EXERCISE DIRECTIONS - Would you transcribe the listing that follows word for word, skipping pictures?

━━━━━━━━

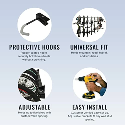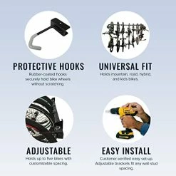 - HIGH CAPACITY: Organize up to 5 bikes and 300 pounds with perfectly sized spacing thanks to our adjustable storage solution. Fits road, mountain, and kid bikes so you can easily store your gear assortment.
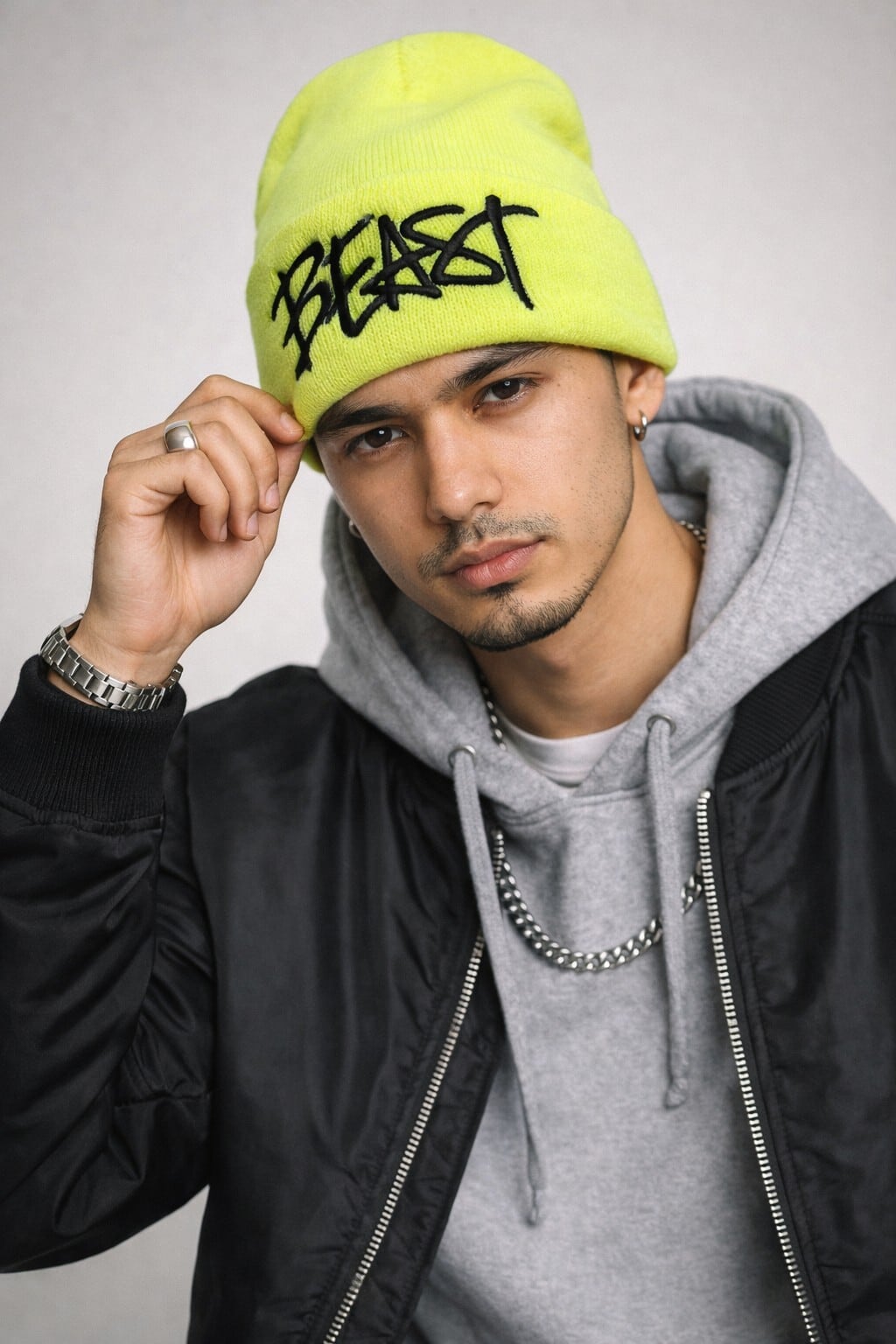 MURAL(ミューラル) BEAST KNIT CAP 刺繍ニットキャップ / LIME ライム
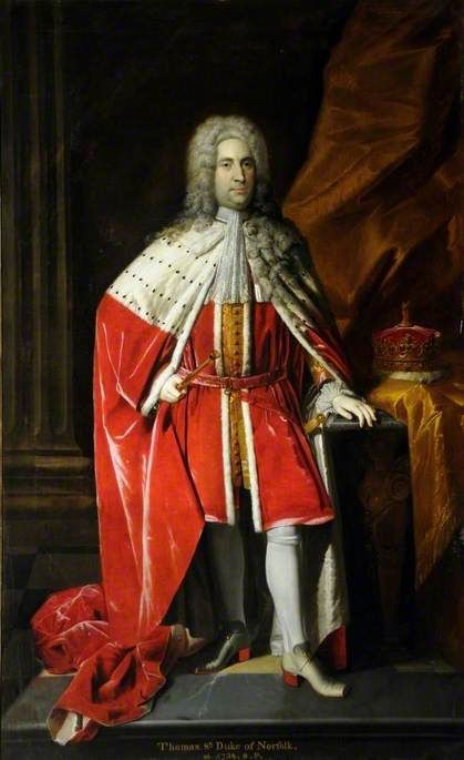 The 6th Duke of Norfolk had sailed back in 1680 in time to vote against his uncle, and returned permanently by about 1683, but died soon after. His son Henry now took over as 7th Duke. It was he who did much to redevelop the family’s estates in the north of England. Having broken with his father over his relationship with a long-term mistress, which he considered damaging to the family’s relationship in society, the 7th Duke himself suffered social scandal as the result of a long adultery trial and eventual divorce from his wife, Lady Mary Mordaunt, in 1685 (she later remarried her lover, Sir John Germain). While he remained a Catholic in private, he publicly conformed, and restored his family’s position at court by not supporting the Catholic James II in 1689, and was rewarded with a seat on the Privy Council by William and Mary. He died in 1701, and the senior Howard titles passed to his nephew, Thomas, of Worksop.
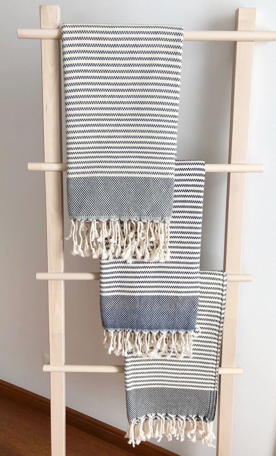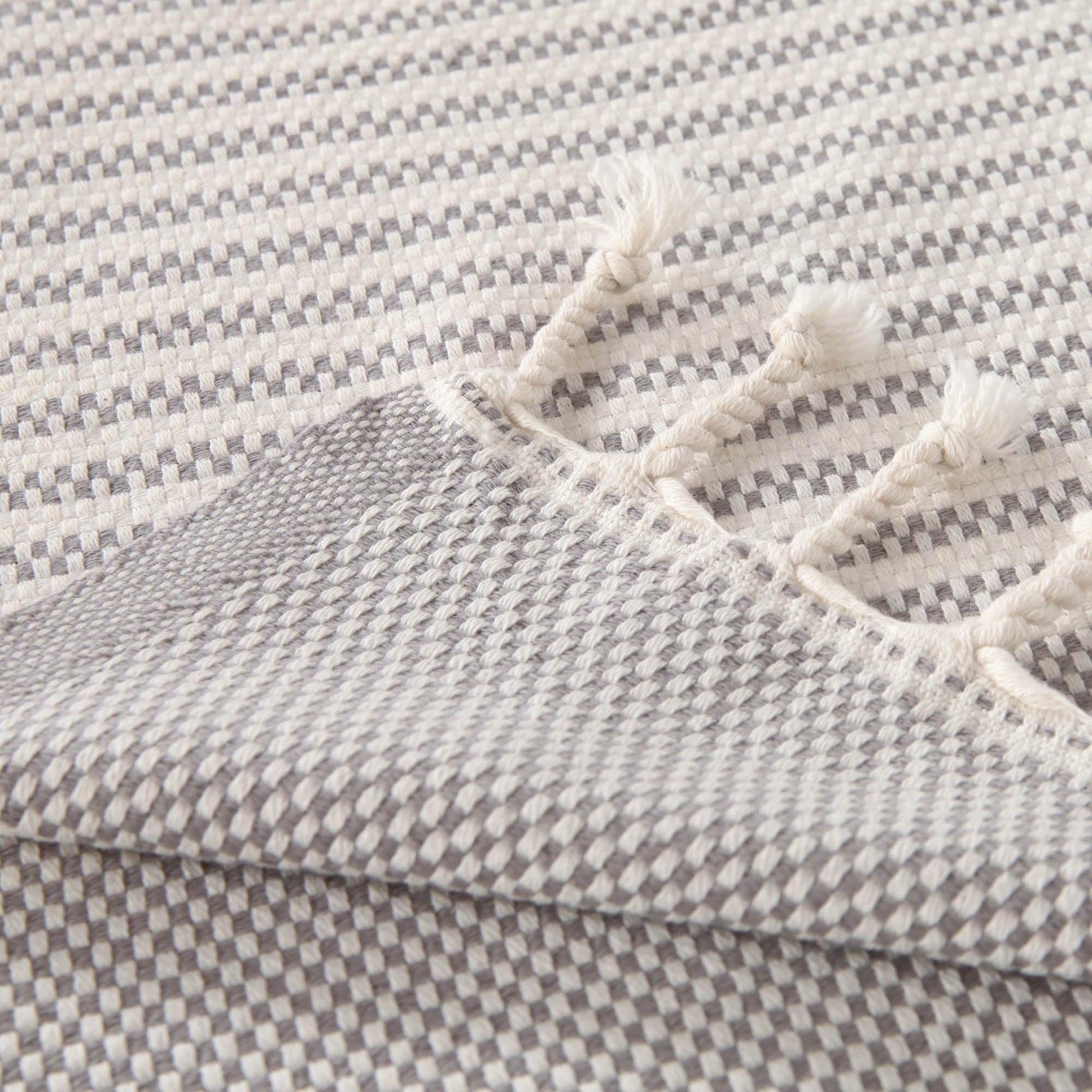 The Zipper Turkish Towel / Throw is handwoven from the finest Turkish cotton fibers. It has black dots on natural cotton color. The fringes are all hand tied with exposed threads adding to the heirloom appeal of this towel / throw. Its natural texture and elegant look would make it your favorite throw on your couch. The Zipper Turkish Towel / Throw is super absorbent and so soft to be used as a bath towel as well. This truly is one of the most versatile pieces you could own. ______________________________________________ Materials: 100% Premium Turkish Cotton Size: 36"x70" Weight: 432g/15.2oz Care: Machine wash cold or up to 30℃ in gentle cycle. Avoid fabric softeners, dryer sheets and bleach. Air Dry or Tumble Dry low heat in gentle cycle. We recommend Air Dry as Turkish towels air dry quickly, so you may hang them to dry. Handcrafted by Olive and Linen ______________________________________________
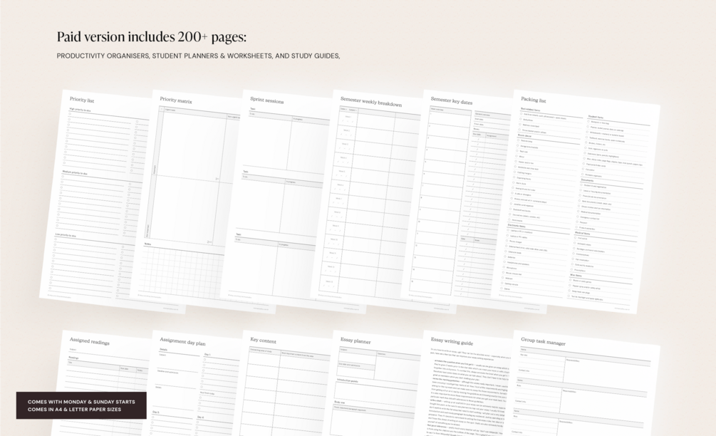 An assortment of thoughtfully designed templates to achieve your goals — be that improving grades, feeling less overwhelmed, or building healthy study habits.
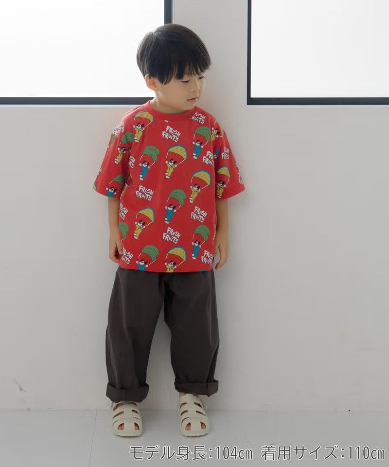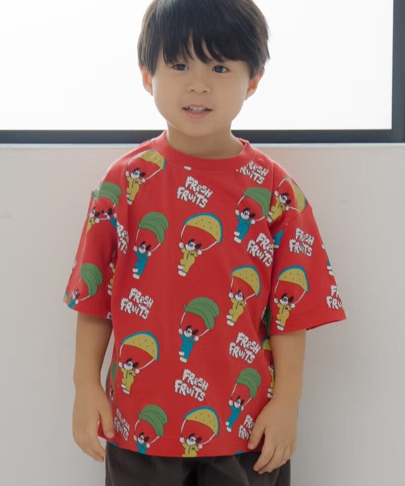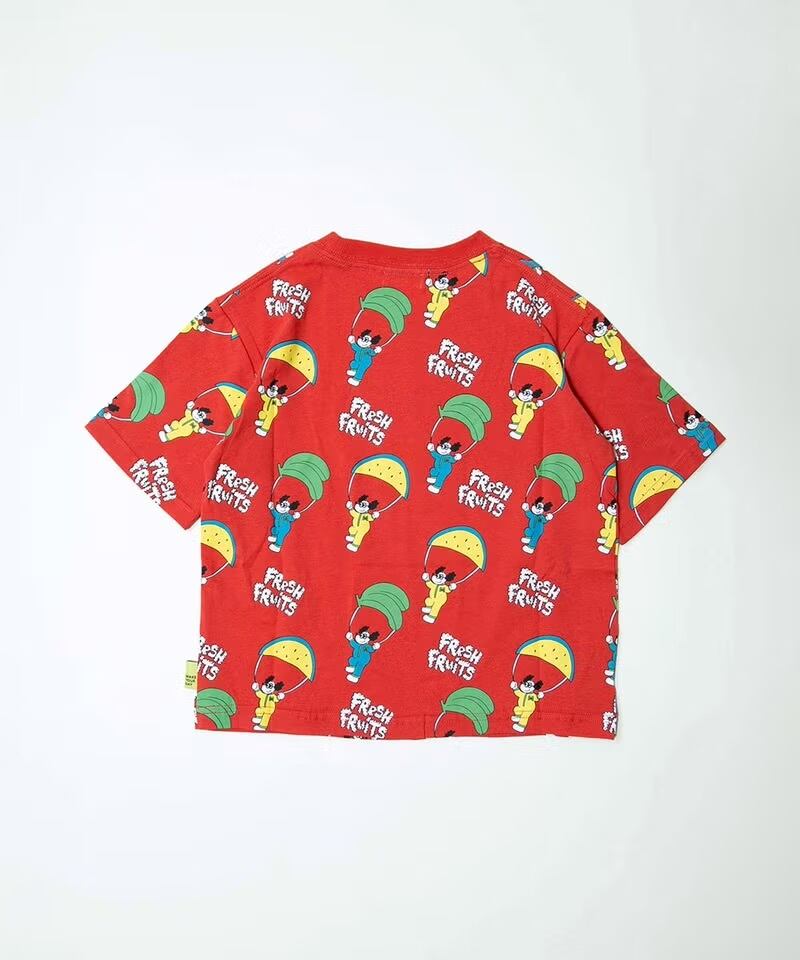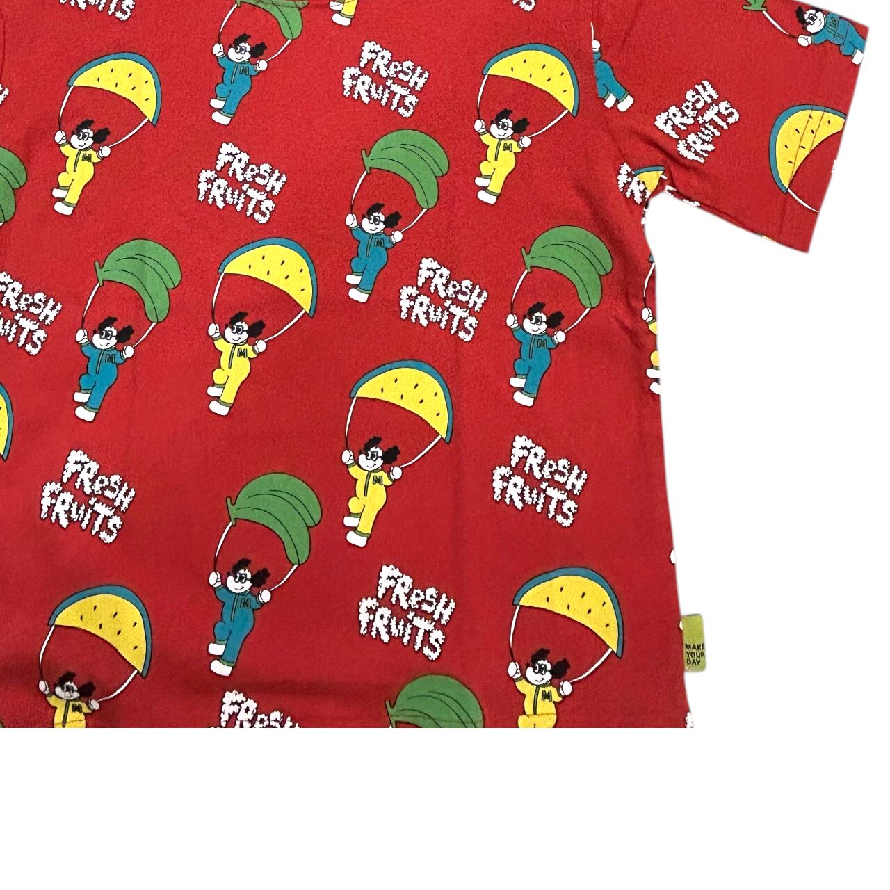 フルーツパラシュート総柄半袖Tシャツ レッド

━━━━━━━━

RESULT -
 - HIGH CAPACITY: Organize up to 5 bikes and 300 pounds with perfectly sized spacing thanks to our adjustable storage solution. Fits road, mountain, and kid bikes so you can easily store your gear assortment.
 MURAL(ミューラル) BEAST KNIT CAP 刺繍ニットキャップ / LIME ライム
 The 6th Duke of Norfolk had sailed back in 1680 in time to vote against his uncle, and returned permanently by about 1683, but died soon after. His son Henry now took over as 7th Duke. It was he who did much to redevelop the family’s estates in the north of England. Having broken with his father over his relationship with a long-term mistress, which he considered damaging to the family’s relationship in society, the 7th Duke himself suffered social scandal as the result of a long adultery trial and eventual divorce from his wife, Lady Mary Mordaunt, in 1685 (she later remarried her lover, Sir John Germain). While he remained a Catholic in private, he publicly conformed, and restored his family’s position at court by not supporting the Catholic James II in 1689, and was rewarded with a seat on the Privy Council by William and Mary. He died in 1701, and the senior Howard titles passed to his nephew, Thomas, of Worksop.
 The Zipper Turkish Towel / Throw is handwoven from the finest Turkish cotton fibers. It has black dots on natural cotton color. The fringes are all hand tied with exposed threads adding to the heirloom appeal of this towel / throw. Its natural texture and elegant look would make it your favorite throw on your couch. The Zipper Turkish Towel / Throw is super absorbent and so soft to be used as a bath towel as well. This truly is one of the most versatile pieces you could own. ______________________________________________ Materials: 100% Premium Turkish Cotton Size: 36"x70" Weight: 432g/15.2oz Care: Machine wash cold or up to 30℃ in gentle cycle. Avoid fabric softeners, dryer sheets and bleach. Air Dry or Tumble Dry low heat in gentle cycle. We recommend Air Dry as Turkish towels air dry quickly, so you may hang them to dry. Handcrafted by Olive and Linen ______________________________________________
 An assortment of thoughtfully designed templates to achieve your goals — be that improving grades, feeling less overwhelmed, or building healthy study habits.
 フルーツパラシュート総柄半袖Tシャツ レッド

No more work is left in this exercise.